Our climb commences in earnest, just as a young boy climbs the stairs two steps at a time, my legs are full of energy and arrogance willing anything to apprehend their ascent and yet within the hour the hill will have knocked the pride from them, and I will be grateful for the stops we must make to glass and ensure that our route is clear. The mist that listed in the tops as we set off dropped now like a heavy quilt over the hill and our vision is limited. Up ahead we hear wings beating as a grouse or perhaps a pair take flight, otherwise the only sounds are gentle footsteps in the peat and the snagging of bracken on breeks. As we move through the fog the features of the hill emerging from it appear to move towards us rather than us toward them, all our senses are heightened, every movement is calculated.

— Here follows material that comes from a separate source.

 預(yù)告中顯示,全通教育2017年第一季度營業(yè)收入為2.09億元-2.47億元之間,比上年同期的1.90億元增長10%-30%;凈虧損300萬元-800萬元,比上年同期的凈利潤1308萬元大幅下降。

The preliminary act complete we are finally in place to begin approaching our quarry. The fog and our route mean that we have lost contact with the heard for some time and as we descend from the tops out of the leaden smog, I am relieved to pick up the heard where we left them a few hundred meters traverse along the steep slope. We pick a deer track and using the hill’s undulations make our way cautiously toward our quarry. The hinds up ahead lie in the heather, intermittently standing to re-adjust their position or twisting their heads to relieve the niggle of a fly’s unwelcome irritation. They are aware of us, as all prey are constantly awake to their surroundings, their ears erect hunting for every sound, their wet noses exploring the freezing breeze for the tell-tale hint of danger and yet they are blind to our presence edging toward them. We are entirely absorbed in the moment, the realm of nature, playing our role as the predator in the everlasting theatre of hunter and hunted, removed entirely from the turbulent forays of the outside world.

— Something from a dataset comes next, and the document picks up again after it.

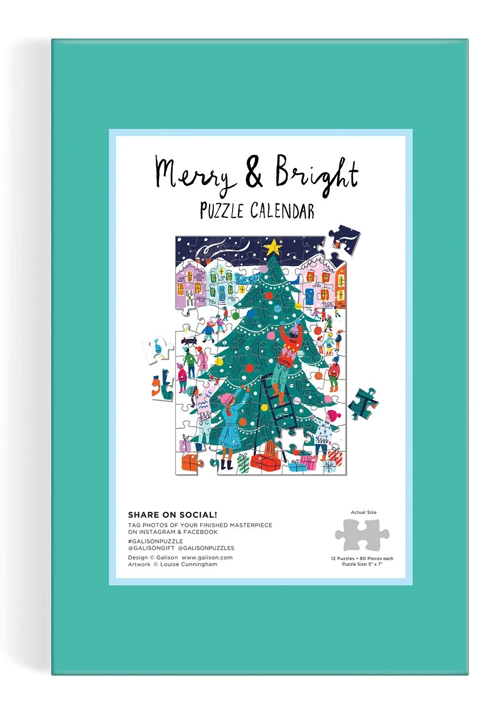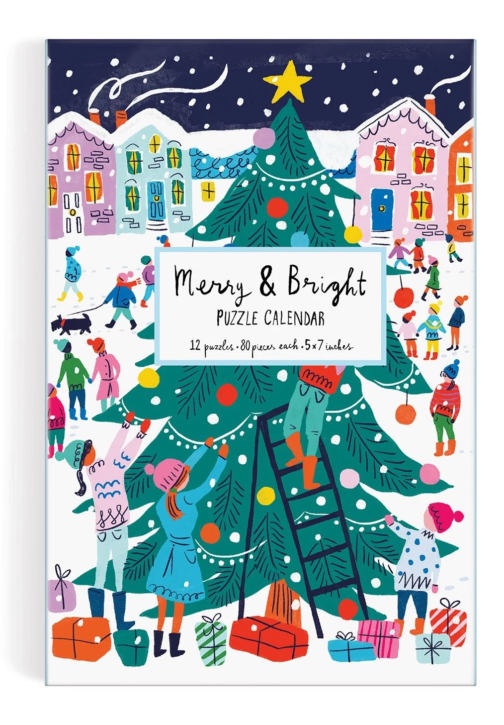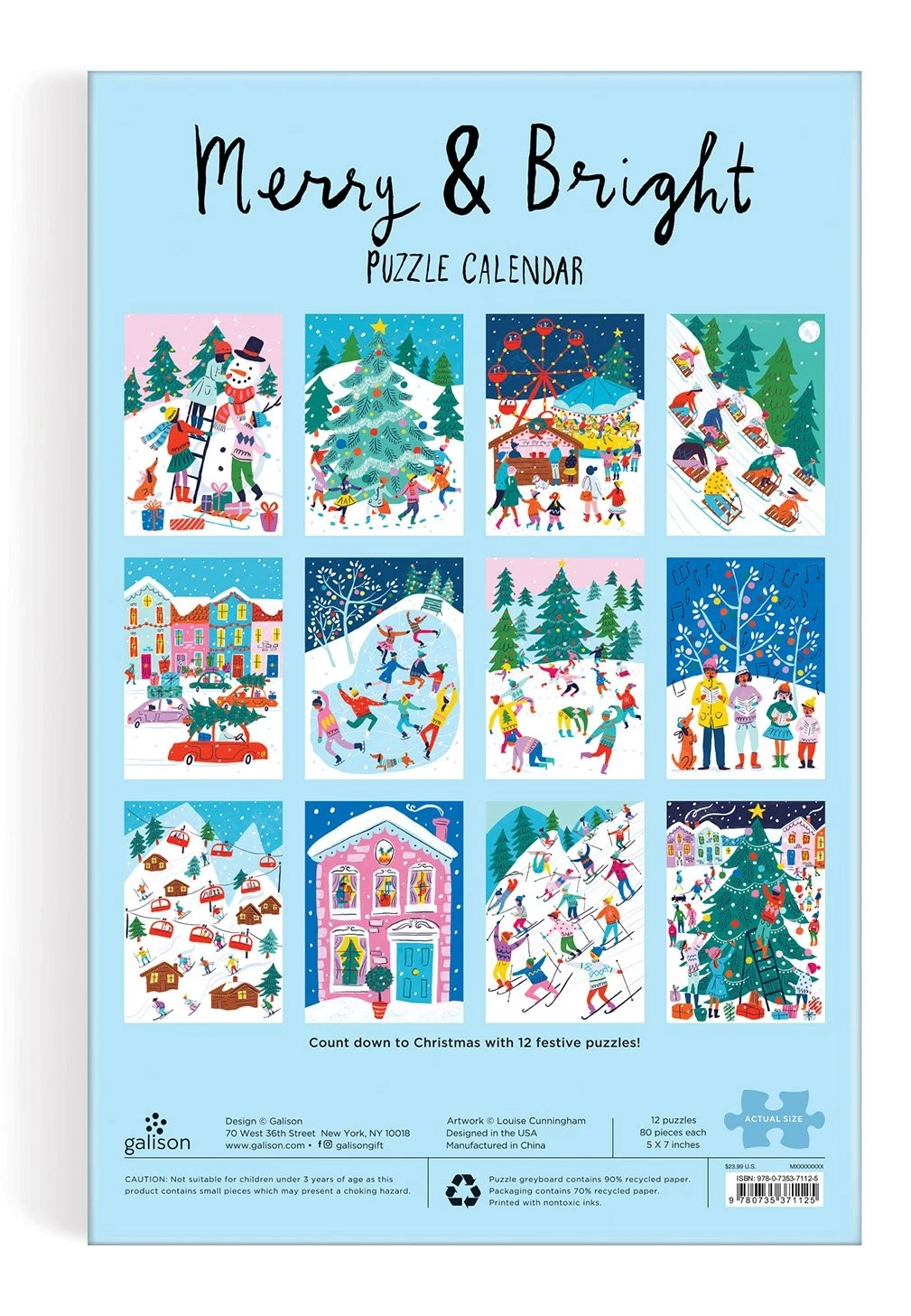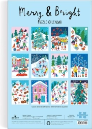 Σε 12 διαφορετικά παζλ περιμένουν τους πελάτες εορταστικές σκηνές που θα μαγέψουν κάθε οικογένεια. Το Χριστουγεννιάτικο ημερολόγιο Advent Merry & Bright Puzzle είναι τέλειο ως δώρο ή για χειμερινή διασκέδαση. Κάθε παζλ έχει διαστάσεις 12,7 x 17,8 cm και είναι κατάλληλο για παιδιά από 6 ετών.

I crawl up on to the mossy knoll rifle in hand my vision tunnelled into a shaft of concentration inspecting every movement of the animals eighty meters to my front for any hint that I’ve been spotted. Pausing a moment whilst a hind casts her gaze in my direction, I bring the rifle up to the shoulder and adjust my position until comfortable. This last movement has caught the attention of one of the closer animals who stands levelling her gaze at me and arousing suspicion in the others. The clock ticks, time slows, I block out the freezing wet ground inching through my breeks concentrating entirely on the animal in my sights and deafened by the crushing silence of focus. She twitches an ear and looks back momentarily, any moment now she will snort, turn and carry the entire heard around the hill in a scurry of staccato bounds.

My finger closes on the frosty trigger squeezing gently until I feel the pressure break and the silence is shattered, ripped asunder by crack and kick.

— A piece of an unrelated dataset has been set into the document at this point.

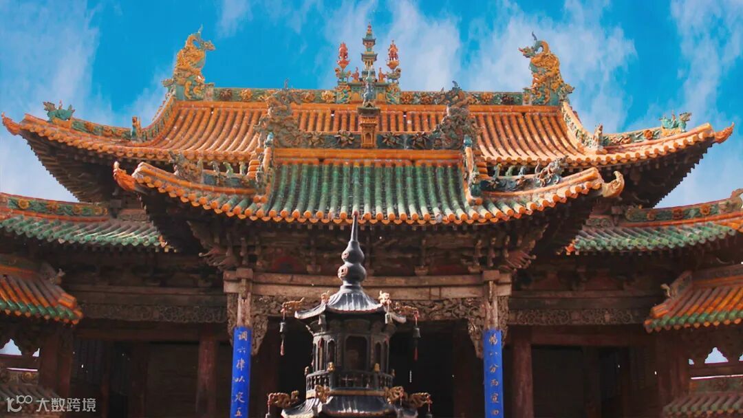 筒瓦、勾檐、滴水、鸱吻、脊兽等构件多样,融合龙凤、瑞兽、花卉元素,写实与写意兼具,立体感强。

The heard scatter bouncing and fading one at a time into the fog. As quick as it dissipated the silence percolates back onto the hill, the haze of adrenaline and cordite clearing to reveal once again an inescapable quiet of uncertainty.

We approach the spot where the hind was stood, the stalker reassuring me that he saw her drop on the spot, I, my memory blotted by adrenaline, unsure. We reach the spot and find some blood, aerated and pale indicative of a good long shot. The hind lies only ten meters ahead rolled into a small burn, the mountain water washing blood from the wound in a simultaneously morose and fitting trickle back into the hill.

Once the gralloch is complete we descend, hind in tow, each step taking us further from the bewitching, captivating demesne of the hill and bearing us back into inconsequential reality. The spectacle of New Year seems trivial against the backdrop of the sport we’ve enjoyed, the natural world is so entirely removed from the hedonistic, frantic culture of our day-to-day life, only those lucky enough to be submerged in it will understand its insatiable allure.